TASK INSTRUCTIONS: What is needed is an exact copy of every entry, without the pictures.

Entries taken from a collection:
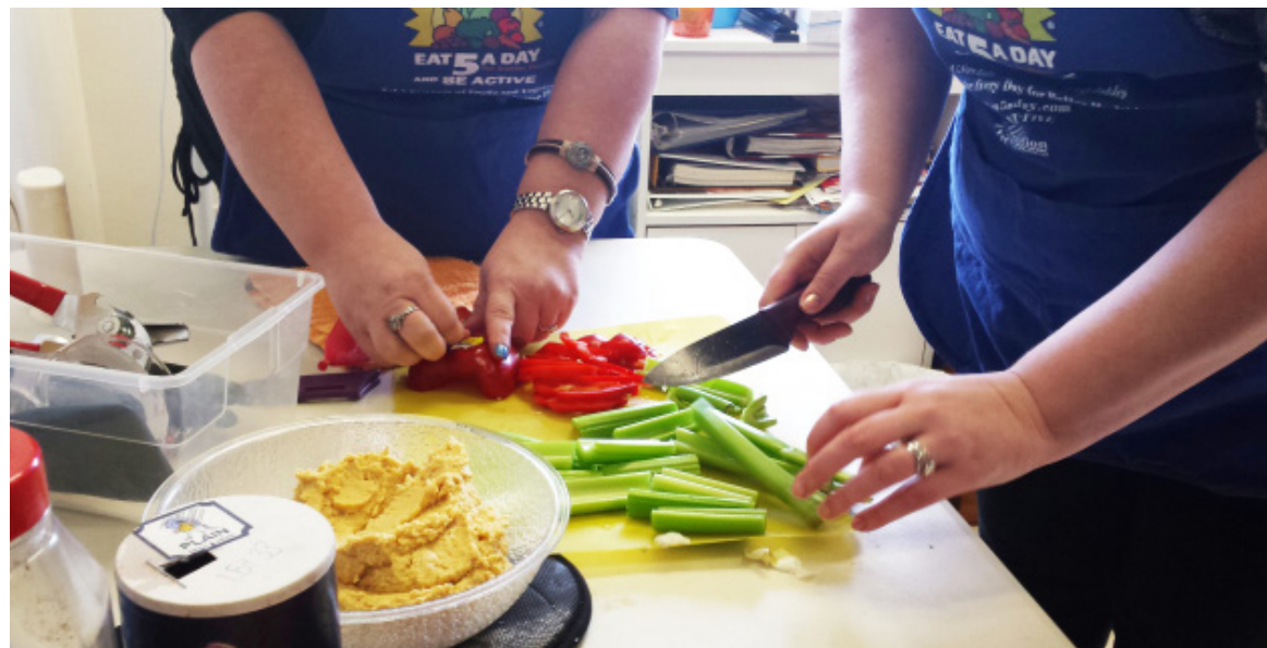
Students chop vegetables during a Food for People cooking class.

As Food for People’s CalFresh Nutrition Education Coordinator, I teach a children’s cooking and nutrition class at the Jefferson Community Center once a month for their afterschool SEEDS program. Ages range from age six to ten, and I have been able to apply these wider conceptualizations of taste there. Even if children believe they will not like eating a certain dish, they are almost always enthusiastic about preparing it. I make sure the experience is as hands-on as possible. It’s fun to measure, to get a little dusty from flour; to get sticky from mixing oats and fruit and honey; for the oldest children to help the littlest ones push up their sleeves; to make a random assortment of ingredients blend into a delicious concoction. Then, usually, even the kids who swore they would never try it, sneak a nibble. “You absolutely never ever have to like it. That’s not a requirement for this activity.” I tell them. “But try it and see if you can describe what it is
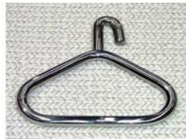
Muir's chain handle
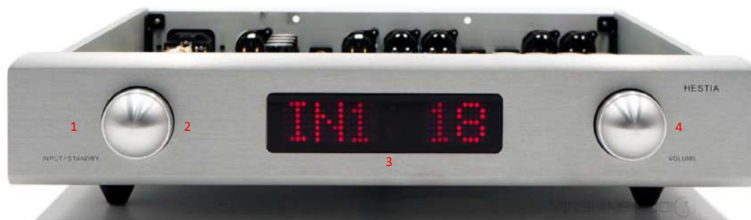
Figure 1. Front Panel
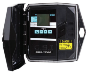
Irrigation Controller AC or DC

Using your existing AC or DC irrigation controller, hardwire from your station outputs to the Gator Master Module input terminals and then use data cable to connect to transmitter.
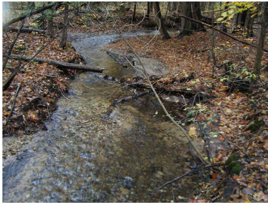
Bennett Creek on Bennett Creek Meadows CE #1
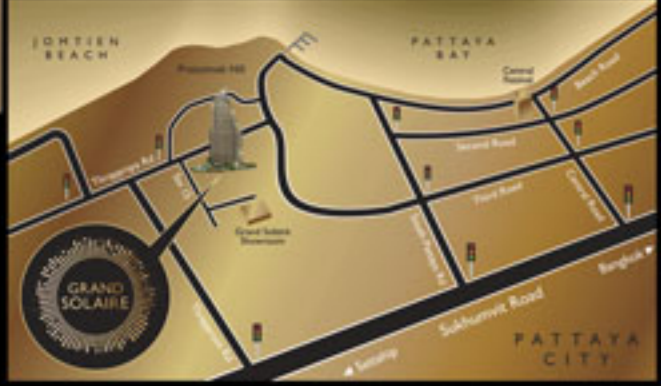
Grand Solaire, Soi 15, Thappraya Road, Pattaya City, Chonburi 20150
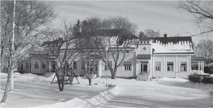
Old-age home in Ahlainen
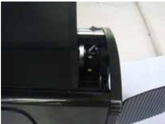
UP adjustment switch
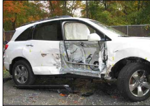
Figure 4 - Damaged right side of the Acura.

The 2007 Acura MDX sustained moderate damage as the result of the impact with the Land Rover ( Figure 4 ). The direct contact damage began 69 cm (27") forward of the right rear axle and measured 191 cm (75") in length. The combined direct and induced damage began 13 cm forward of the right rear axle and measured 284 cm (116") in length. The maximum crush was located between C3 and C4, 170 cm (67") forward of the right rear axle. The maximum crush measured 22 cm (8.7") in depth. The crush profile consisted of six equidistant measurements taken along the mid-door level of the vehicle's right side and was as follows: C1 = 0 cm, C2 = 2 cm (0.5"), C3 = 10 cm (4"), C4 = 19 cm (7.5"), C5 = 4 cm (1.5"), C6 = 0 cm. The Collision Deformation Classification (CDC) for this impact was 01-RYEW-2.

THE ANSWER:
Students chop vegetables during a Food for People cooking class.

As Food for People’s CalFresh Nutrition Education Coordinator, I teach a children’s cooking and nutrition class at the Jefferson Community Center once a month for their afterschool SEEDS program. Ages range from age six to ten, and I have been able to apply these wider conceptualizations of taste there. Even if children believe they will not like eating a certain dish, they are almost always enthusiastic about preparing it. I make sure the experience is as hands-on as possible. It’s fun to measure, to get a little dusty from flour; to get sticky from mixing oats and fruit and honey; for the oldest children to help the littlest ones push up their sleeves; to make a random assortment of ingredients blend into a delicious concoction. Then, usually, even the kids who swore they would never try it, sneak a nibble. “You absolutely never ever have to like it. That’s not a requirement for this activity.” I tell them. “But try it and see if you can describe what it is
Muir's chain handle
Figure 1. Front Panel
Irrigation Controller AC or DC

Using your existing AC or DC irrigation controller, hardwire from your station outputs to the Gator Master Module input terminals and then use data cable to connect to transmitter.
Bennett Creek on Bennett Creek Meadows CE #1
Grand Solaire, Soi 15, Thappraya Road, Pattaya City, Chonburi 20150
Old-age home in Ahlainen
UP adjustment switch
Figure 4 - Damaged right side of the Acura.

The 2007 Acura MDX sustained moderate damage as the result of the impact with the Land Rover ( Figure 4 ). The direct contact damage began 69 cm (27") forward of the right rear axle and measured 191 cm (75") in length. The combined direct and induced damage began 13 cm forward of the right rear axle and measured 284 cm (116") in length. The maximum crush was located between C3 and C4, 170 cm (67") forward of the right rear axle. The maximum crush measured 22 cm (8.7") in depth. The crush profile consisted of six equidistant measurements taken along the mid-door level of the vehicle's right side and was as follows: C1 = 0 cm, C2 = 2 cm (0.5"), C3 = 10 cm (4"), C4 = 19 cm (7.5"), C5 = 4 cm (1.5"), C6 = 0 cm. The Collision Deformation Classification (CDC) for this impact was 01-RYEW-2.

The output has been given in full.